The Supreme Court held in 1965 that "when officials grant permission to demonstrate in a certain way, then seek to revoke that permission and arrest demonstrators, they must first give 'fair warning.'” The officers try to get around this by arguing that they sanctioned the bridge march so long as the protesters remained on the sidewalk, and that once the protesters spilled into the roadway, they were fair game for arrest; without an implicit invitation to walk along the road, the protesters got what they deserved when the officers arrested them.

The officers may have a legitimate defense to this case, the Second Circuit says, but this case comes before the Court on a Rule 12 motion, where the Court only asks whether the plaintiffs state a claim. We have not had depositions yet, only the allegations in the Complaint and some video footage. The allegations in the Complaint do not concretely support the officers' defense. As Judge Lynch writes, "defendants’ assertions of what the officers understood are unsupported by the Complaint or the record, which do not provide any details as to what any individual defendant knew or saw of the events leading up to the arrests." While the Court wonders if plaintiffs can win this case on liability or avoid qualified immunity later on, it is too early to know if the officers are entitled to dismissal.
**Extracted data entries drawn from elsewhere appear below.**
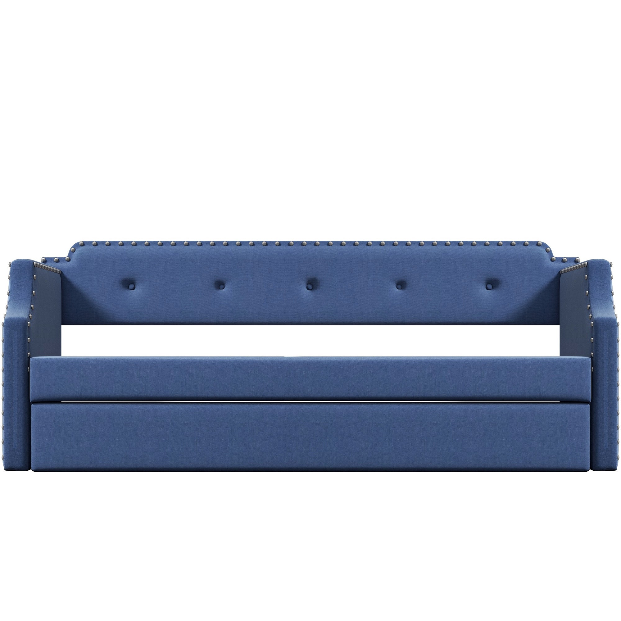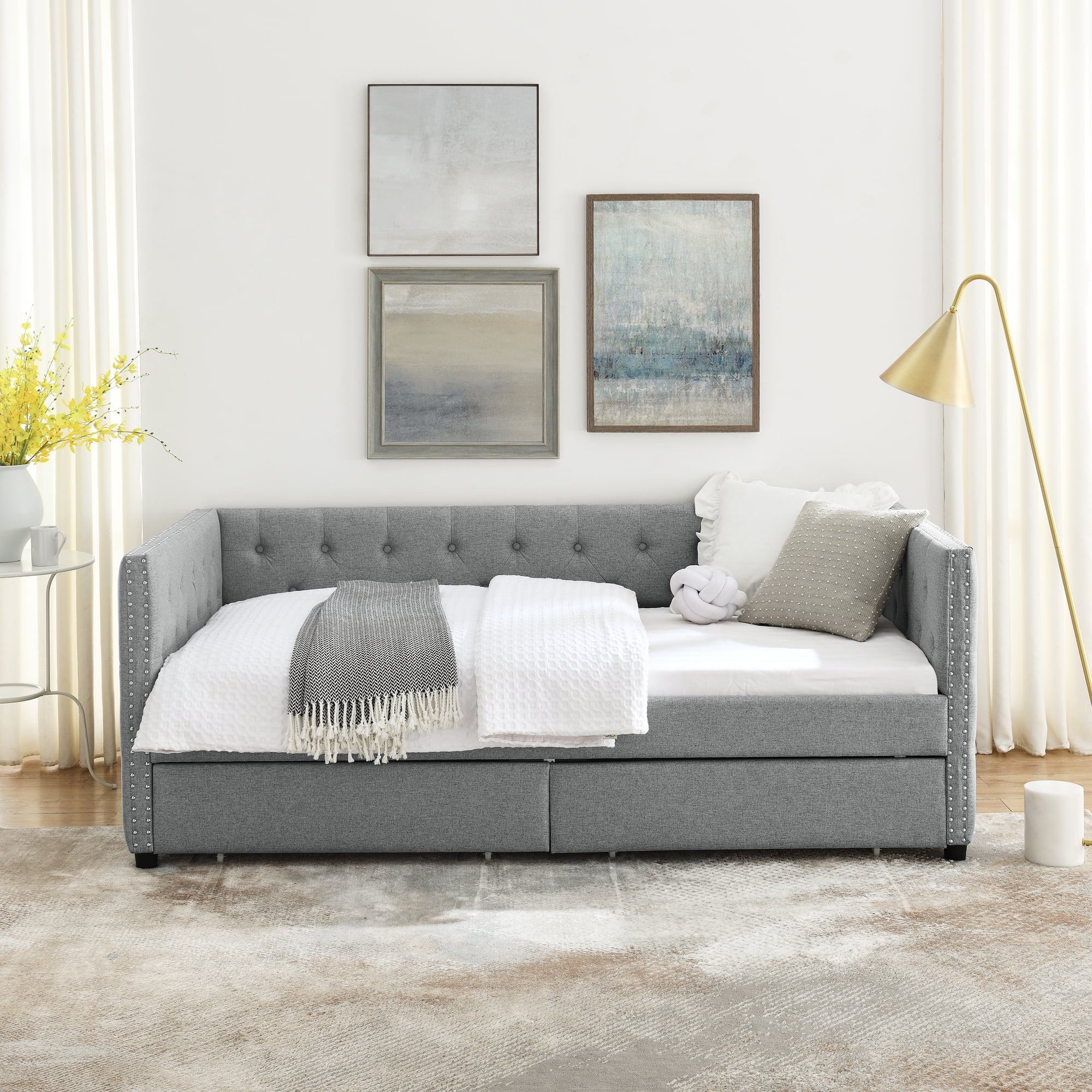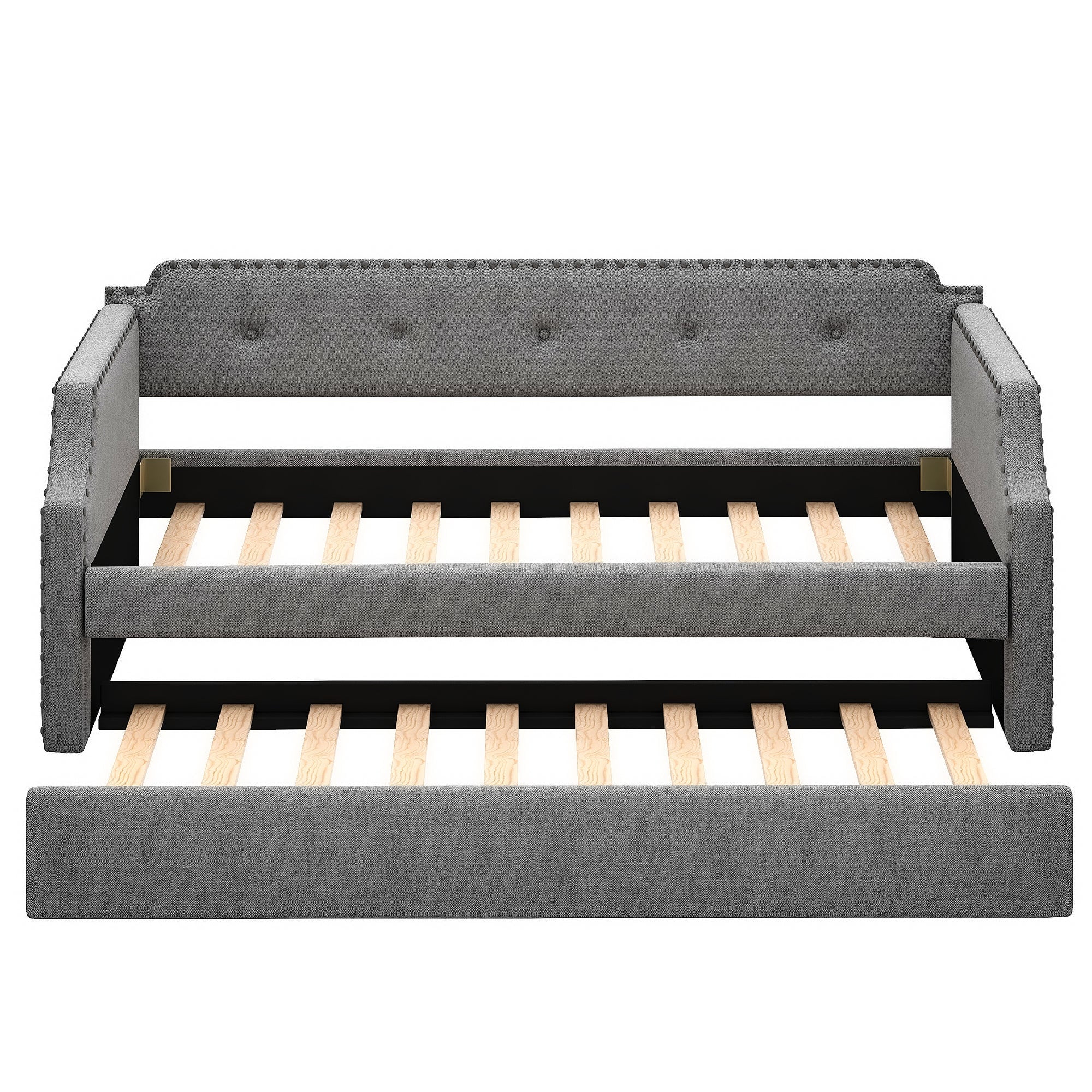 Upholstered Twin Size Daybed with Two Drawers, with Button and Copper Nail on Square Arms, Grey (82.75''x43''x30.75'')
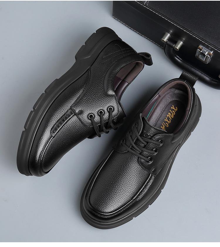 Zapatos de Cuero para Hombre 2024 Otoño e Invierno Nuevos Zapatos de Vestir de Negocios Cuero de Vaca con Cordones Zapatos Planos Negros Zapatos Profesionales de Trabajo
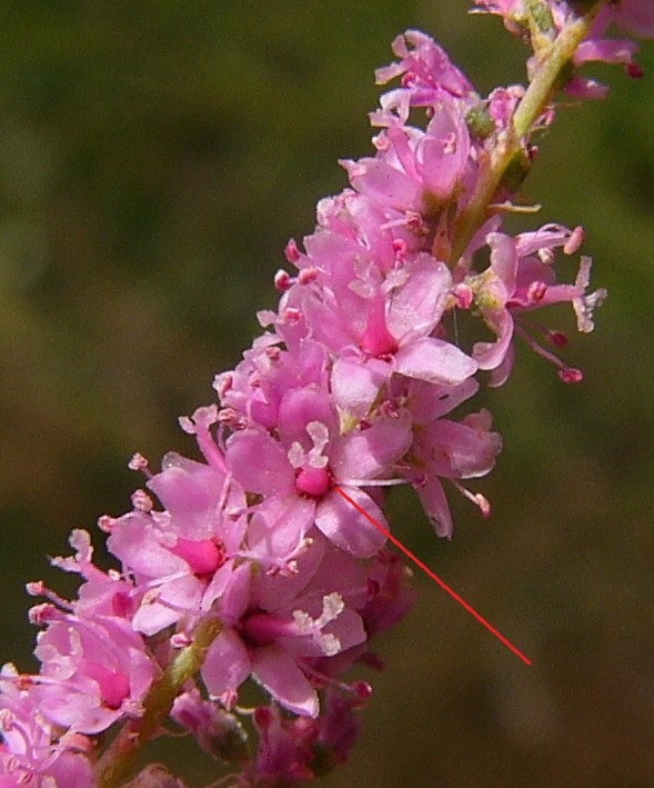 ca. 2 mm lang, rosa, 3 Griffel, 5 Staubblättern Deckblätter meist kürzer als der Kelch, aber deutlich länger als die Blütenstiele Kelchzähne +/- fein gezähnelt Blätter 1 - 2,5 mm lang, sitzend, am Grund verschmälert, vorne
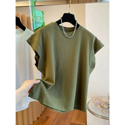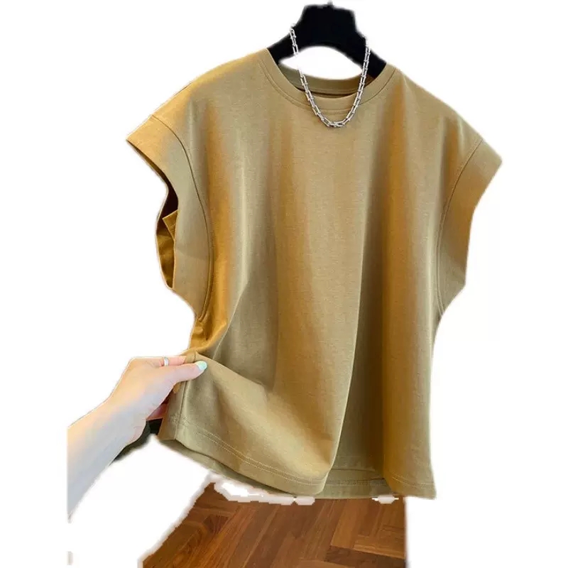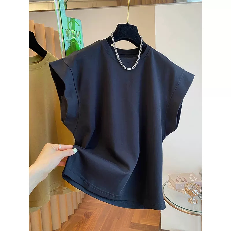 品牌折扣专柜外贸女装夏季T恤女短袖宽松纯棉无袖体恤落肩袖上衣
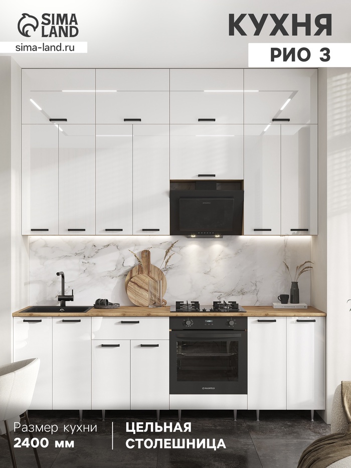 Кухонный гарнитур в потолок «Рио №3», 2400 мм, цвет белый глянец/дуб крафт/дуб вотан
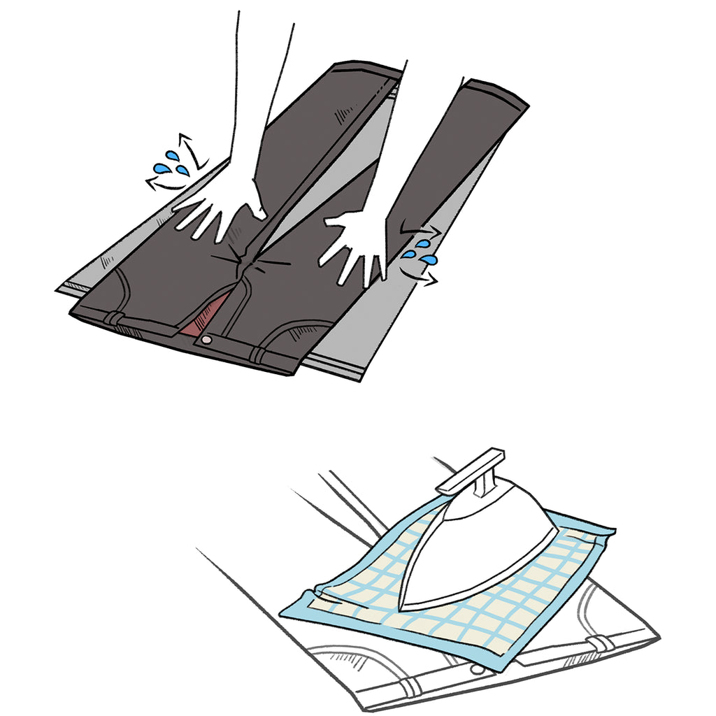 Bei dunklen Hosen und Jeans empfehlen wir das Bügeln auf links, um Glanzstellen zu vermeiden.
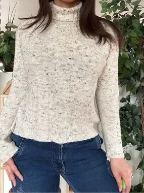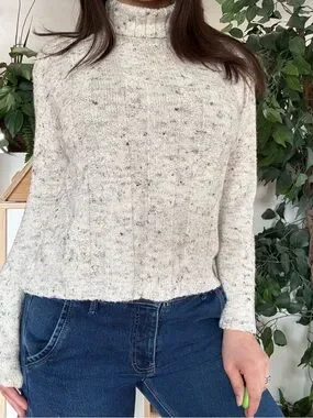 Cozy 90s knit with a mock neck and flattering cropped fit. Soft speckled texture—perfect with low rise jeans or layered for that effortless vintage vibe.
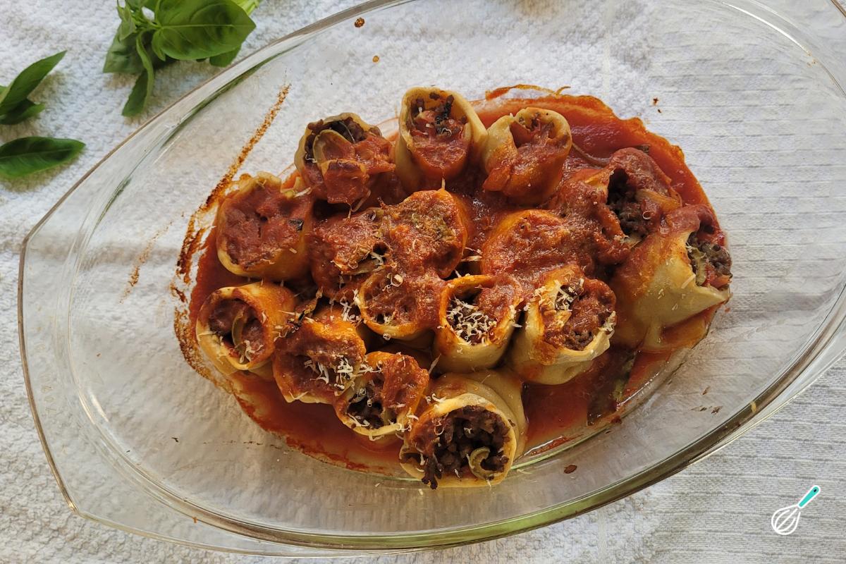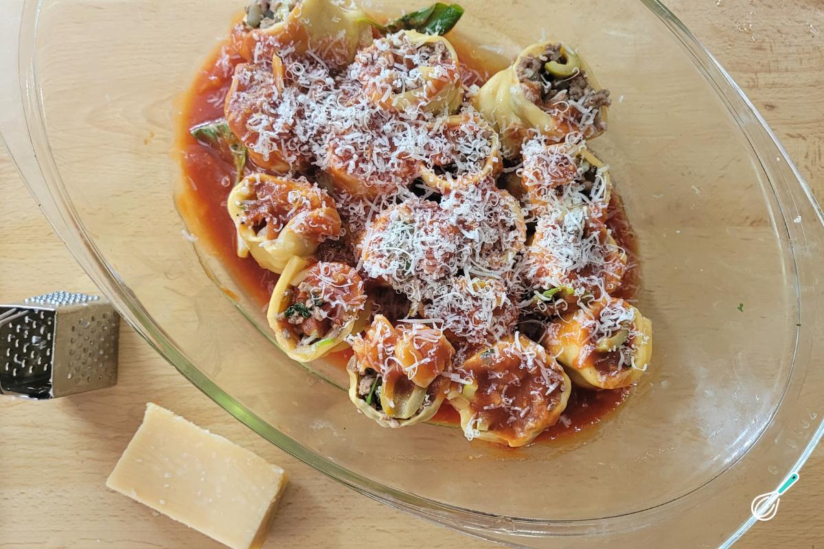 Existem diversas versões de rondelli. Aqui, ele ganhou um recheio à base de carne moída e um molho bem simples de tomate, manjericão e alho. O rondelli pode ser feito com massa de lasanha ou até mesmo massa de pastel, se preferir.
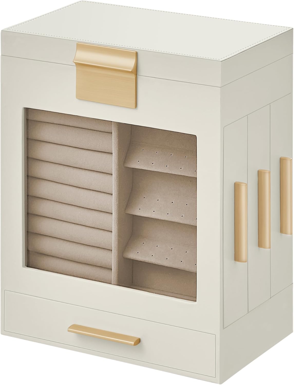 Nordic Hygge Jewelry Box with Glass Window, 5-Layer Jewelry Organizer with 3 Side Drawers, Jewelry Storage
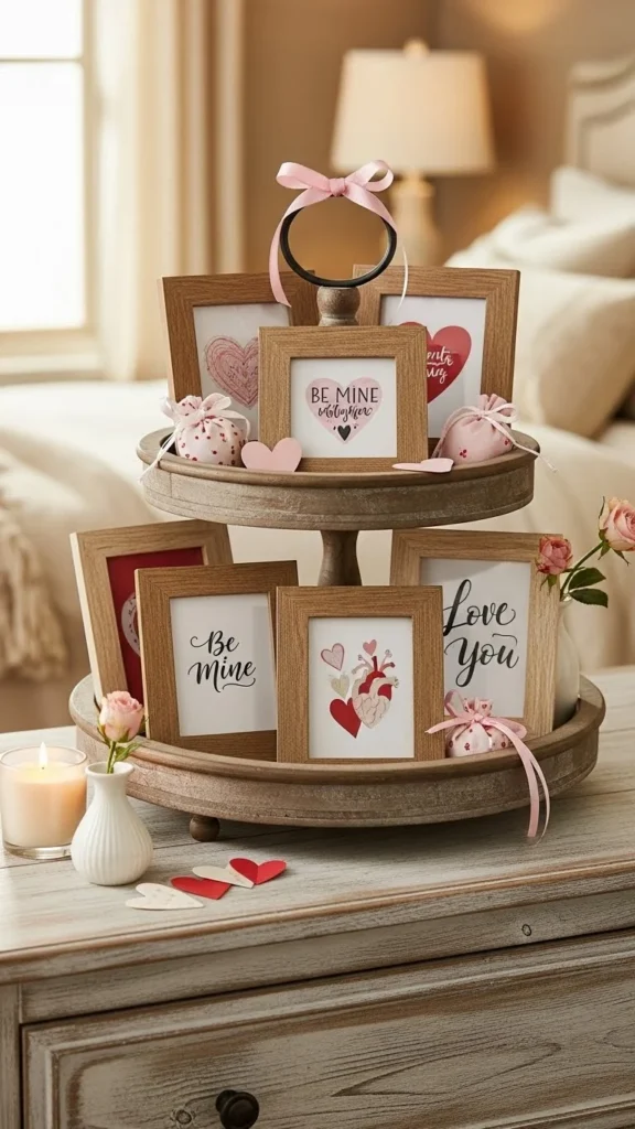 Mini frames add personality fast. Print simple heart art or short quotes. Use frames in the same finish so the tray stays organized. Lean frames slightly instead of standing them straight for a relaxed look. This idea works well in bedrooms or offices. Swap prints easily after February without changing the whole tray. Keep other items low so frames remain readable.
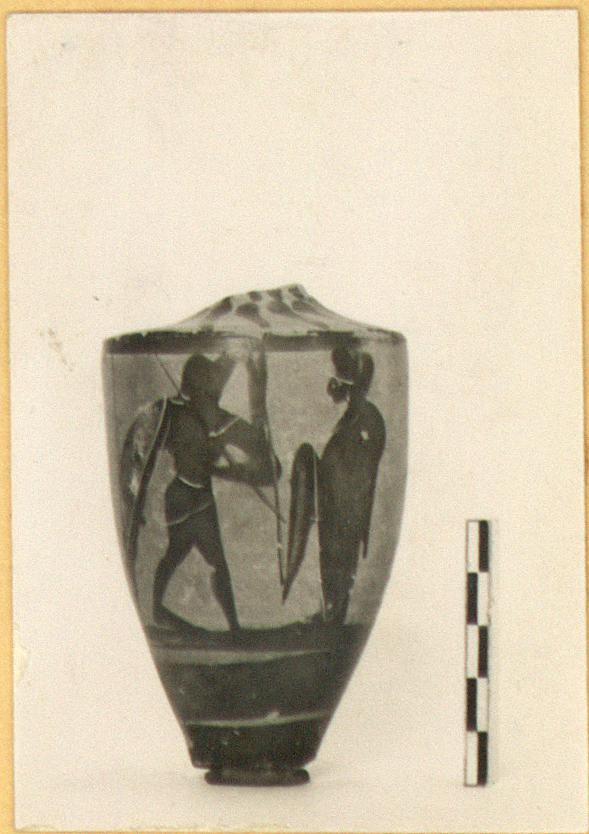 | Description: | Neck and foot missing. General type as P 24316 (ΣΑ 2526): This is the characteristic general type for the large proportion of the lekythoi from this group. Bell mouth with variations in height and spread; lip usually reserved, occasionally glazed. Disk foot of varying thickness; below picture either one or two reserved lines. Added colors more or less well preserved. Only substantial variations are noted in the following descriptions. Scene: warrior moving right (side view of shield); on each side draped figure and spears. Same hand as P 24339 (ΣΑ 2549). | |

Judge Livingston files a lengthy dissent that challenges the majority ruling at every turn. It's all about qualified immunity and false arrest and when to let the police out of the case even if, in hindsight, they broke the law. Qualified immunity continues to be a subject of great debate among judges, with many emphasizing that this immunity allows the police and other public officials to do their jobs without the fear of crippling lawsuits. This debate exposes the liberal-conservative judicial divide. I would guess this case is a good candidate for full court, or en banc, review.